= Candidates of the 1901 Australian federal election =

This article provides information on candidates who stood for the 1901 Australian federal election. The election was held on 29/30 March 1901.

==House of Representatives==
Successful candidates are highlighted in the relevant colour. Where there is possible confusion, an asterisk (*) is also used.

===New South Wales===

| Electorate | Protectionist | Free Trade | Labour | Other |
|---|---|---|---|---|
| Barrier |  |  | Josiah Thomas | Benjamin Long (Ind) |
| Bland |  | William Lucas | Chris Watson | Patrick Heffernan (Ind Prot) |
| Canobolas | Bernhard Wise |  | Thomas Brown | Thomas Dalveen (Ind Prot) William Melville (Ind Prot) |
| Cowper | Francis Clarke | Robert Davidson |  | Hugh McKinnon (Ind Prot) |
| Dalley | Reginald Cohen | Bill Wilks | Sydney Law |  |
| Darling | Patrick Quinn | Thomas Bertram | William Spence |  |
| East Sydney |  | George Reid |  | John Cleary (Ind Prot) Harry Foran (Ind Prot) James Toomey (Ind) |
| Eden-Monaro | Austin Chapman* William Wood |  |  |  |
| Gwydir | George Cruickshank | Edward Foxall | William Webster | William Buchanan (Ind FT) |
| Hume | Sir William Lyne | William Goddard |  |  |
| Hunter | Edmund Barton |  |  |  |
| Illawarra | Alexander Hay | George Fuller |  | Andrew Lysaght (Ind Prot) |
| Lang | James Edwards | Francis McLean | James Watson | James Mitchell (Ind Prot) |
| Macquarie | William Ferguson | Sydney Smith |  |  |
| Newcastle |  | Owen Gilbert | David Watkins | John Bailey (Ind Lab) |
| New England | William Sawers | Edmund Lonsdale |  | George Simpson (Ind) |
| North Sydney |  | Dugald Thomson |  | Edward Clark (Ind FT) |
| Parkes | Robert Thomson | Bruce Smith |  | George Burns (Ind Lab) |
| Parramatta | William Sandford | Joseph Cook |  |  |
| Richmond | Thomas Ewing |  |  | Robert Pyers (Ind Prot) |
| Riverina | John Chanter | James Ashton |  |  |
| Robertson | Jack FitzGerald | Henry Willis |  |  |
| South Sydney |  | George Edwards | James McGowen | Henry Hoyle (Ind Prot) |
| Wentworth | John Gannon | Sir William McMillan |  |  |
| Werriwa | Thomas Rose | Alfred Conroy |  |  |
| West Sydney | James Beer |  | Billy Hughes | James Hanrahan (Ind Prot) |

===Queensland===

| Electorate | Protectionist | Free Trade | Labour | Other |
|---|---|---|---|---|
| Brisbane | Charles Hardie Buzacott Thomas Macdonald-Paterson* |  | Daniel Guilfoyle |  |
| Capricornia |  |  | Wallace Nelson | Alexander Paterson (Ind FT) |
| Darling Downs | William Henry Groom* Horace Ransome |  |  |  |
| Herbert | William Brown |  | Fred Bamford |  |
| Kennedy |  | Maurice Barnett | Charles McDonald |  |
| Maranoa |  | George Bunning | Jim Page |  |
| Moreton | Anthony Darvall William Kellett William Ryott Maughan |  |  | Edward Kretschmer (Ind) Robert Neilson (Ind) James Wilkinson* (Ind Lab) |
| Oxley | Richard Edwards |  | Harry Turley |  |
| Wide Bay | John Annear |  | Andrew Fisher |  |

 There was no Protectionist organisation in Queensland. Elected candidates joined the Protectionists in Parliament.

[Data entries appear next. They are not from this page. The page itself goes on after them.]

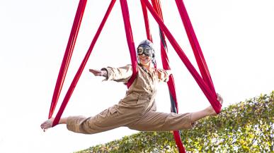 L’Aviatrice, c’est un spectacle acrobatique, musical et conté, qui embarquera petits et grands à travers le temps et le vent.
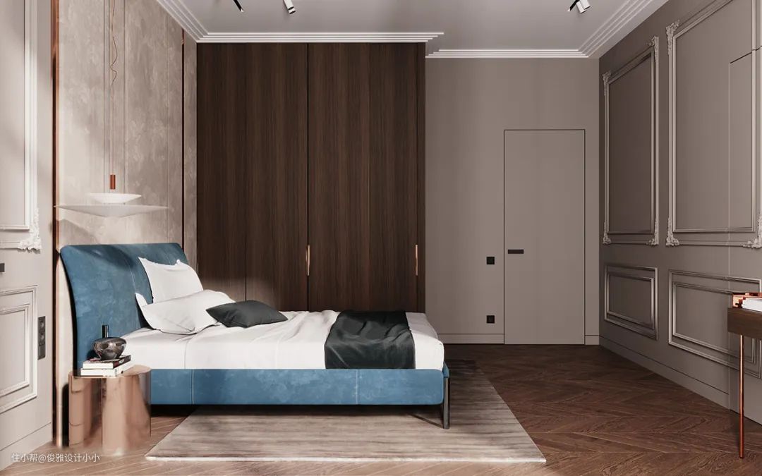 ▲卧室空间设计简洁而不随意,高级却不浮夸,摒弃繁复的造型和丰富色彩搭配,高级灰的空间添入一抹蓝,给人带来轻松舒适、温馨大气的感觉,简约的石膏线装饰搭配金属材质家居陈设,每一个看似简单的设计背后,让人在视觉和心灵上享受到双重的震撼,亦是一种极致优雅生活态度的表现。
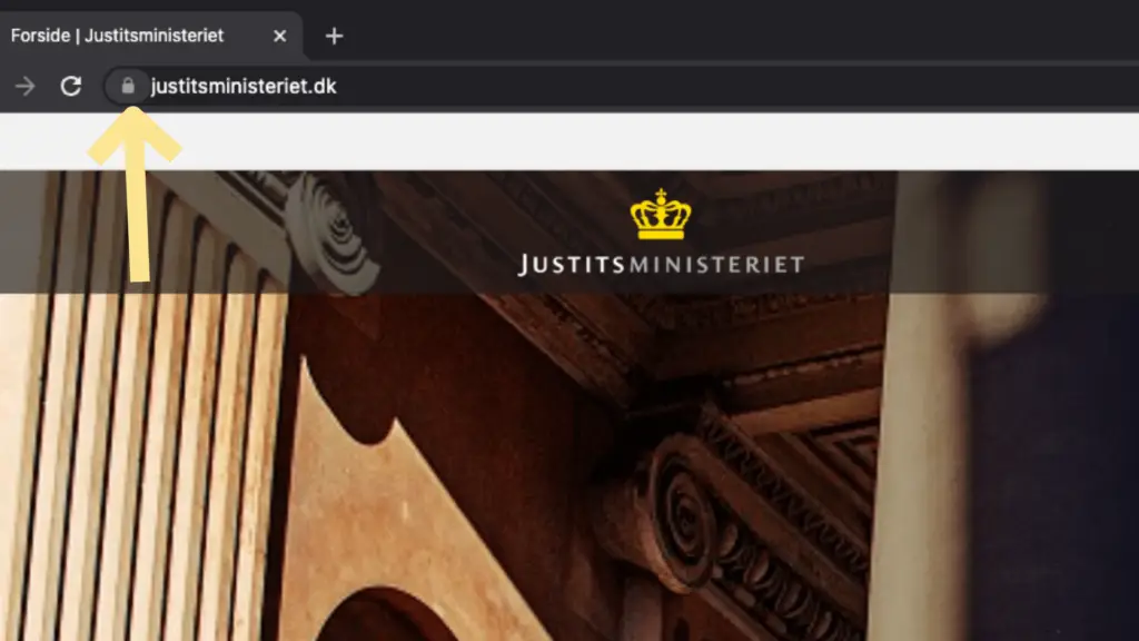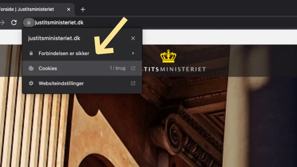 Nu har du åbnet browseren, og i toppen af siden til venstre for URL’en finder du en hængelås, som du skal klikke på.
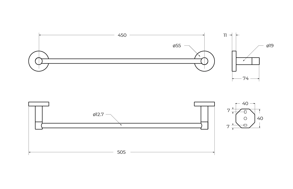 - Размеры (ШхВхГ): 505х55х74 мм.

 There was no Free Trade organisation in Queensland.

===South Australia===
Note that South Australia was constituted as one seven-member division, with each elector casting seven votes.

| Protectionist | Free Trade | Labour | Independent |
|---|---|---|---|
| Sir Langdon Bonython* Robert Caldwell John Cooke Charles Kingston* John O'Connell George Wyld | Henry Baker Paddy Glynn* Frederick Holder* Alexander Poynton* Vaiben Louis Solomon* Crawford Vaughan Thomas Webb Richard Wood | Lee Batchelor* Thomas Price | George Mitchell |

===Tasmania===
Note that Tasmania was constituted as one five-member division, with each elector casting one vote.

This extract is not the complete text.